The Chinese political elites, especially the current government led by President Xi Jinping, have been playing political and economic hardball to expand Beijing’s economic hegemony across the globe. The core of the Chinese efforts is the “Road and Belt Initiative”, an ambitious and huge projects China is heavily investing on for easier access to the world markets. Many world countries, including the West’s allies, have so far affirmatively responded to Beijing’s calls for joining in.

The Road and Belt Initiative is severely opposed by the West, and the US along with its European allies are pushing hard against it. This push by the West itself is causing division among the European Union members. While some strongly come against it, some others find it in their best interests. This causes a failure among the Western countries to adopt a unified approach towards China.

The essence of the Western anti-Chinese efforts is the Chinaphobia promoted widely by the Western-funded media which warn against the unfavorable consequences of partnership with Beijing for their political independence. The Western powers, in fact, warn the smaller states that by joining the Road and Belt Initiative and becoming indebted to China due to the Chinese loans for their infrastructural projects, China will meddle in their home affairs and this will compromise their independence.

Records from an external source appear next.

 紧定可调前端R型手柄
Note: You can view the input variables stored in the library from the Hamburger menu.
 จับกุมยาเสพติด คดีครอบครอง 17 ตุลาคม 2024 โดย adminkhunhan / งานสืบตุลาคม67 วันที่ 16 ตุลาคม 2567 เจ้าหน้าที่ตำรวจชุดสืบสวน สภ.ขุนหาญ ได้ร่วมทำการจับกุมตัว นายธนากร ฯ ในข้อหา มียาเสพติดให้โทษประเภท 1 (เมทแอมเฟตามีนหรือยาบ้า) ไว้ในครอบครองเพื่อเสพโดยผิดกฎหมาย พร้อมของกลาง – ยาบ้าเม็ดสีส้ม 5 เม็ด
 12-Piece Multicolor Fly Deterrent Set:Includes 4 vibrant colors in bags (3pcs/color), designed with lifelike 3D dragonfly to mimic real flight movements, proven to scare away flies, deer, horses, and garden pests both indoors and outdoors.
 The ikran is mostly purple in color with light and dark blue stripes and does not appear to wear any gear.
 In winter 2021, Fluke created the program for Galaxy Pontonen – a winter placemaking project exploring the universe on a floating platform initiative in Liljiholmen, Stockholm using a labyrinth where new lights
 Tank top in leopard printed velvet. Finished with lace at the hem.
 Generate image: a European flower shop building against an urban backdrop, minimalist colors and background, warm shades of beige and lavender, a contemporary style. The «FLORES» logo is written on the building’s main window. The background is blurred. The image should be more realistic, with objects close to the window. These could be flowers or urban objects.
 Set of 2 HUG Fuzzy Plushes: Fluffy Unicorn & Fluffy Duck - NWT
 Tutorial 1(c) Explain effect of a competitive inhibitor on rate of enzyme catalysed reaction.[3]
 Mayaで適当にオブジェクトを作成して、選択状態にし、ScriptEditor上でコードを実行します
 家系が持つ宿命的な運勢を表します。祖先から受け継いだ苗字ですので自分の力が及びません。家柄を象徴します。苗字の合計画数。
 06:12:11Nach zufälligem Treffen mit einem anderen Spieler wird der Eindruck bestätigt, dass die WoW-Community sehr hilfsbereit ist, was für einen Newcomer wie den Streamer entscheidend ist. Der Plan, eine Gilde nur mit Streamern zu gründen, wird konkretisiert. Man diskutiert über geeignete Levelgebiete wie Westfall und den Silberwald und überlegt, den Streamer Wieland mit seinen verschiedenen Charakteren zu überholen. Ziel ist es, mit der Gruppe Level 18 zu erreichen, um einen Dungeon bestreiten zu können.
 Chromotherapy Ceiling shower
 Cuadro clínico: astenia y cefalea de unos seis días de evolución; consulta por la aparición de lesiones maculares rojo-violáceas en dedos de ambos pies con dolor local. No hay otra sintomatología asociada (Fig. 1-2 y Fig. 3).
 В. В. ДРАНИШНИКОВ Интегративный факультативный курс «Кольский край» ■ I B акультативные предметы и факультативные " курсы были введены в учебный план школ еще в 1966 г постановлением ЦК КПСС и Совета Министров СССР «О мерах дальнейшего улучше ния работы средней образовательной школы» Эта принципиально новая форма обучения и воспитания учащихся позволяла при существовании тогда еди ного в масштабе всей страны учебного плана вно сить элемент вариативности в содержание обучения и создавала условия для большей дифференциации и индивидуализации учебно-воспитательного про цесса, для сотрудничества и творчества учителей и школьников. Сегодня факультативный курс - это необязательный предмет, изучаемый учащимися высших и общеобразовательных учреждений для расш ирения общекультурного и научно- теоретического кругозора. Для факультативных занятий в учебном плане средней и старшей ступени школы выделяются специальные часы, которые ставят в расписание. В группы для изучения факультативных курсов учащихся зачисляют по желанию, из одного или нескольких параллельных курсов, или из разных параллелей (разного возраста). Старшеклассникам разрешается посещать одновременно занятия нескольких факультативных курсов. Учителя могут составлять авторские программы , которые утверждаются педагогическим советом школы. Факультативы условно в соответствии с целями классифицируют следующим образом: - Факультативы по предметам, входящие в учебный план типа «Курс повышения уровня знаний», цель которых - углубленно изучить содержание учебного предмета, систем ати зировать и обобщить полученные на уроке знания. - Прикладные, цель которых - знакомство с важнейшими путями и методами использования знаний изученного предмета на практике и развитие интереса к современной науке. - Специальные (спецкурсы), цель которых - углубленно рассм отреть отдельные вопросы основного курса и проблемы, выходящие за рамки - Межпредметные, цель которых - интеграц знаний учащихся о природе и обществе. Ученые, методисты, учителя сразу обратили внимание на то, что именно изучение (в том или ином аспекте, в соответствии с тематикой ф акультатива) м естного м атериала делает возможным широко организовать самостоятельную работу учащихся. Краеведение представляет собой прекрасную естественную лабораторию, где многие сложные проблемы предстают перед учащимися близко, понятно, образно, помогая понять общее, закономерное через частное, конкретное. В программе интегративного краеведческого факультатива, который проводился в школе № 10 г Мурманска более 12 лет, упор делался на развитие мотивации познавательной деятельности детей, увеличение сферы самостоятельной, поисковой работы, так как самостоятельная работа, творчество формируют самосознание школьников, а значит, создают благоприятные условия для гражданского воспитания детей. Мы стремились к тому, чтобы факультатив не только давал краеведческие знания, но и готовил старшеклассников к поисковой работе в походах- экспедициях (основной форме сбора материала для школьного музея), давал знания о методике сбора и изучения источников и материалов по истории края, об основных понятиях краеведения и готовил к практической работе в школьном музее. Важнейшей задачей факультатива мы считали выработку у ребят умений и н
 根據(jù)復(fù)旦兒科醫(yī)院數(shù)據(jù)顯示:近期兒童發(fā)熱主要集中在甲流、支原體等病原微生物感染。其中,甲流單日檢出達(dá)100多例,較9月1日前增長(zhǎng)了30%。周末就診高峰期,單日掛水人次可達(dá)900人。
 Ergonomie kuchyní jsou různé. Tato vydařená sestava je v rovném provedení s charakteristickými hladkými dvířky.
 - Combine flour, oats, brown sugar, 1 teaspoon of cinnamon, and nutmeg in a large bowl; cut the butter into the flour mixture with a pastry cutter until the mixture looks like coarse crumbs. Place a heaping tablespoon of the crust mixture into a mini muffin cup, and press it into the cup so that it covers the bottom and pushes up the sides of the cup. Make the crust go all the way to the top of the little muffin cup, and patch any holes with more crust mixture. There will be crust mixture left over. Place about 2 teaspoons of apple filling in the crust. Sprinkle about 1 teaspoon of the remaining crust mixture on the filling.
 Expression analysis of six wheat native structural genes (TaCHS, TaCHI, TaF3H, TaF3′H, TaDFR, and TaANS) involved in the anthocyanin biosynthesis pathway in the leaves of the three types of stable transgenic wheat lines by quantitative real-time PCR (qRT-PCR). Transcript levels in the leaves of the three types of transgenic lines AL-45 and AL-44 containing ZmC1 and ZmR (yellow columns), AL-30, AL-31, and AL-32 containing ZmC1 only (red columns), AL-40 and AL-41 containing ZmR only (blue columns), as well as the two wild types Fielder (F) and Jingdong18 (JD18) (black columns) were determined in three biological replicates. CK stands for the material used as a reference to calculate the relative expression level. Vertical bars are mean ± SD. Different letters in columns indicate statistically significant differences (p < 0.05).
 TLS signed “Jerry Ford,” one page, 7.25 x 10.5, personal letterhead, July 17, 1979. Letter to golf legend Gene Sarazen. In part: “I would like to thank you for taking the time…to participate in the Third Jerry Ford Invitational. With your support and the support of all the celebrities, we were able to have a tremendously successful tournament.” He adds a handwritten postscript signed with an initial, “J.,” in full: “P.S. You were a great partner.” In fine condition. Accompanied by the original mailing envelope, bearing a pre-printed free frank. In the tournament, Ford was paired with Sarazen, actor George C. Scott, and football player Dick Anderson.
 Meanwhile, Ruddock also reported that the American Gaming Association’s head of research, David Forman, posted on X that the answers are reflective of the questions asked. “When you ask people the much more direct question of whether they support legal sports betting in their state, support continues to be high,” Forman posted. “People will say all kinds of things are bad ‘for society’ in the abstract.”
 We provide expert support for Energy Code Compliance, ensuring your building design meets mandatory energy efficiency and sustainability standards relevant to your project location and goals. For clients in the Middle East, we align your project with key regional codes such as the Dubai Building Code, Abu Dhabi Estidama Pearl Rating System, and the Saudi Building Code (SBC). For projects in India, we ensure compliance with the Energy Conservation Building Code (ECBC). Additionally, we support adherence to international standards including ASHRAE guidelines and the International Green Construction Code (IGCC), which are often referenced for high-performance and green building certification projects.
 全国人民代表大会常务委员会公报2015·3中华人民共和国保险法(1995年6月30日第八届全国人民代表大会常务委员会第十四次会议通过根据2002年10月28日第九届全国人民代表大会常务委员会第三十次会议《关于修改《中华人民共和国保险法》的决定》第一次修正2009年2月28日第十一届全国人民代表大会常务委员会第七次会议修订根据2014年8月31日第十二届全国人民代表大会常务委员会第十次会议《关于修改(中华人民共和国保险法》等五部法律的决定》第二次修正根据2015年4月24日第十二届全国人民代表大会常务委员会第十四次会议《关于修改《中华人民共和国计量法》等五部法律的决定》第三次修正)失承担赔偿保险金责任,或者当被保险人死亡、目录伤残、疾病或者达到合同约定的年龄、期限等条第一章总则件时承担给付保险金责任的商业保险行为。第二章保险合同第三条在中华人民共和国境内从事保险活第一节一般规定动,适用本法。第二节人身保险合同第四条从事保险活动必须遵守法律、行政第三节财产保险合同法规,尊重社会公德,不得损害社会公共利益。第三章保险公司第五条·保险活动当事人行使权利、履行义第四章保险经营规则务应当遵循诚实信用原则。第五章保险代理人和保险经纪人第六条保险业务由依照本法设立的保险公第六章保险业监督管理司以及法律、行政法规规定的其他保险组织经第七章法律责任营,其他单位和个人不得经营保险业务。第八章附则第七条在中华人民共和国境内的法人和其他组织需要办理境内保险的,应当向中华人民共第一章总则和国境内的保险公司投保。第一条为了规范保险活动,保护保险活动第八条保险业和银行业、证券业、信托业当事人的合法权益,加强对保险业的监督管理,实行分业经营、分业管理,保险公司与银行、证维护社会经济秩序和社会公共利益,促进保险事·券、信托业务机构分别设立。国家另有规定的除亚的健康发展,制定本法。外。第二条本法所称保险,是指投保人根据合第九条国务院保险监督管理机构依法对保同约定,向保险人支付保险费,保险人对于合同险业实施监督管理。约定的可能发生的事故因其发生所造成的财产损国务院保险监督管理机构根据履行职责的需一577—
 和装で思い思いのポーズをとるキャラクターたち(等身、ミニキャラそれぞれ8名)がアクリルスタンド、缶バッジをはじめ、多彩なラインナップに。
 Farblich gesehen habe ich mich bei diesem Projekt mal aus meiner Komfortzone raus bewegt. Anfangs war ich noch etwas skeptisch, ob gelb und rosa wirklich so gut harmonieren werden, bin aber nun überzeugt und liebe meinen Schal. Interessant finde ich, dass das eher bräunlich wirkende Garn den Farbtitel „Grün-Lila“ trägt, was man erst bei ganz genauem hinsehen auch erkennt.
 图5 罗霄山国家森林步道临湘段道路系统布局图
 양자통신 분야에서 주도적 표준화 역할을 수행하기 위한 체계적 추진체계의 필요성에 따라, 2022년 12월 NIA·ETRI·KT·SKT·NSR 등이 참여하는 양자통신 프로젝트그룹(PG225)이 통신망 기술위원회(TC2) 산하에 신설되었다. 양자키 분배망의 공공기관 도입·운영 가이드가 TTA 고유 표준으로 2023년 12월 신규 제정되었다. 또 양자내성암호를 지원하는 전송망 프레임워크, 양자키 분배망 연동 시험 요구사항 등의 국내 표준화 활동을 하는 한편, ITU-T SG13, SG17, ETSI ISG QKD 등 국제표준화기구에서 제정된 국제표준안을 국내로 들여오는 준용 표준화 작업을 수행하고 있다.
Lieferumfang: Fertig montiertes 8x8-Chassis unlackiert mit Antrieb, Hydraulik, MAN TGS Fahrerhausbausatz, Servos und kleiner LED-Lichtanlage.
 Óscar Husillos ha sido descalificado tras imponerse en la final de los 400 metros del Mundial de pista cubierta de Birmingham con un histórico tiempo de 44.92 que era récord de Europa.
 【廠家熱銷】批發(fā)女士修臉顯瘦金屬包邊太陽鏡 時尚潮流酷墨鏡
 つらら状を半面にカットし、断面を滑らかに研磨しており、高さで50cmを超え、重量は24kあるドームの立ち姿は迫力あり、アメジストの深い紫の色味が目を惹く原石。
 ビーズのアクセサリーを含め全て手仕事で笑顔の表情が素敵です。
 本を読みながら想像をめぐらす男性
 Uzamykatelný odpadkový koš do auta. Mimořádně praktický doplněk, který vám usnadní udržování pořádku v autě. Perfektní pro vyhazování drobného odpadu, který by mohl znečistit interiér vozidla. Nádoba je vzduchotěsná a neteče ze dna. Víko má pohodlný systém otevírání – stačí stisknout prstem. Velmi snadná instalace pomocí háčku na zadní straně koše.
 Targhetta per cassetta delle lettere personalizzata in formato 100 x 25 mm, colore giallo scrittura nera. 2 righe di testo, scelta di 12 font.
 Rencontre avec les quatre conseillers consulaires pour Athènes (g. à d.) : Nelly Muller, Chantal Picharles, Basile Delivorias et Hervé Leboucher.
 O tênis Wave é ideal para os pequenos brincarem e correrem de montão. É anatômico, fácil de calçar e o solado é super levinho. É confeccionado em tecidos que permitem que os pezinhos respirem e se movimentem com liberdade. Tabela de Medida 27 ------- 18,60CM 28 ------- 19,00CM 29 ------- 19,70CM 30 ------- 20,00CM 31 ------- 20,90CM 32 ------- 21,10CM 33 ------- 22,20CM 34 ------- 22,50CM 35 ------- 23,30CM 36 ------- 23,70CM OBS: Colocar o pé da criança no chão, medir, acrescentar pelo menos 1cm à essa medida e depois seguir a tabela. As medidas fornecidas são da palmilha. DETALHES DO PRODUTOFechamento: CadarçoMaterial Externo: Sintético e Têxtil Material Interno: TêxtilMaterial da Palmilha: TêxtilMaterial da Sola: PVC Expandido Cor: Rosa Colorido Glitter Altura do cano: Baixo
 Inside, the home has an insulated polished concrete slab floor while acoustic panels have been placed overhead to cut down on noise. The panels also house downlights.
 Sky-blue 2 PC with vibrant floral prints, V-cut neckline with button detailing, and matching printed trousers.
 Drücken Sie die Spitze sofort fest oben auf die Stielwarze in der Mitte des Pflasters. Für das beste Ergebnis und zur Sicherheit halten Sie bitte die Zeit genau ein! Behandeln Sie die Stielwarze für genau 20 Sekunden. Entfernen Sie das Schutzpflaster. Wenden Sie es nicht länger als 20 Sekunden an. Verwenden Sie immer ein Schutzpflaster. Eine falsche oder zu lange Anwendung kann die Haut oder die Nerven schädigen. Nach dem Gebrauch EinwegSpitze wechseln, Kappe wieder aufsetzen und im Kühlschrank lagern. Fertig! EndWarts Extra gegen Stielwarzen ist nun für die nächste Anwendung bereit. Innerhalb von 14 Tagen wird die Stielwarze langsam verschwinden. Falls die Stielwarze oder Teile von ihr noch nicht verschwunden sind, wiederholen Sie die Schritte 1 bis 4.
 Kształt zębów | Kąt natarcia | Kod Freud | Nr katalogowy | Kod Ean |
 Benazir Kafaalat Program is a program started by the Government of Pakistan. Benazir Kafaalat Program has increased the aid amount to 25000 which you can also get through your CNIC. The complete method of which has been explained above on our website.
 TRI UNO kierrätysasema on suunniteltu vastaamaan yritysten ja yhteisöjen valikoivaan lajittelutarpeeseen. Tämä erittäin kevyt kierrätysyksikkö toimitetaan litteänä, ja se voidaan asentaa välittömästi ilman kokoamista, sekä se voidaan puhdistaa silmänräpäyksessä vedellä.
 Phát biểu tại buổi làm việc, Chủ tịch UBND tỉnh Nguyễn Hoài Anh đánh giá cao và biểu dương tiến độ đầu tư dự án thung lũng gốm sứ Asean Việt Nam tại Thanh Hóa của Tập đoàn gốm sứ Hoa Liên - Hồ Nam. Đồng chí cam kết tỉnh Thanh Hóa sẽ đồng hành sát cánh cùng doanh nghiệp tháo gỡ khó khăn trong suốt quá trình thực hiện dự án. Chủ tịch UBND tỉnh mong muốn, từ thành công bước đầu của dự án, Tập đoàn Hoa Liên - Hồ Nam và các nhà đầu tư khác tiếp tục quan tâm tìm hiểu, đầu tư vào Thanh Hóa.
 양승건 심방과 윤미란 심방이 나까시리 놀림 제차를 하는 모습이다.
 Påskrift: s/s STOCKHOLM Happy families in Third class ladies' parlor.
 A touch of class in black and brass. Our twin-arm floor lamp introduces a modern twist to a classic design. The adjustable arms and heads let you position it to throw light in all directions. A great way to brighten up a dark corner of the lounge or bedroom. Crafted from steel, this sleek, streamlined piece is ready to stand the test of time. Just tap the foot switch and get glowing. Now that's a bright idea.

The Western powers, themselves having a long history of political and military intervention not only in the rival states but also their allies across the world especially the so-called third world states, now hypocritically caution against China’s influence and the compromise of independence. This pro-independence gesture of the Western powers not only is invalid— as the West and particularly the US under various excuses violate the nations’ sovereignty and independence— but also the Chinese model of economic partnership and alliance with other countries rests in its principle of non-intervention in the political and cultural affairs. This principle is the magnet attracting a large number of the world countries, from the West to the East, to advancing economic partnership with China.

For decades, Iran, like many other countries, has had friendly ties with China. Trade is the main area where the two countries closely partner. Especially over the past decade, China invested heavily in Iranian oil projects. That was at a time the Western companies left the Iranian oil sector under the pressure of the US sanctions. The bilateral trade in 2018 was reported over $33 billion.

The two countries are political allies, too. They hold close stances on many regional and international issues. They, for example, both condemn the US unilateralism and insist that the world needs multilateralism today as new powers are rising and the US is no longer the leader of a unipolar world. Beijing and Tehran do not hide joint efforts towards building a new world order in which there is fair competition.

In the military area, they are also cooperating, along with Russia. Their closeness is more significant as we know that they are developing their military might in the face of the Western bloc which does not find interest in a world in which other players than it are holding a ground. This growing partnership is drawing the ire of the West, and mainly Washington. The two actors along with Russia held naval war games in the Gulf of Oman in late December. The drills were unprecedented and drew global media concentration.

But the recent criticism against the Iranian ties with China raised by the Western media is reminiscent of the West’s paternalistic relationship with their allies. The best example is the American-Saudi ties. President Donald Trump more than once in humiliating tone likened Saudi Arabia to a “cow” that should be milked. In October 2018, Trump in a demeaning language said the Saudis cannot save their rule for two weeks without the US help.

At best, it can be said that West’s criticism of the Chinese-Iranian ties is motivated by a fear of losing the ground to emerging powers.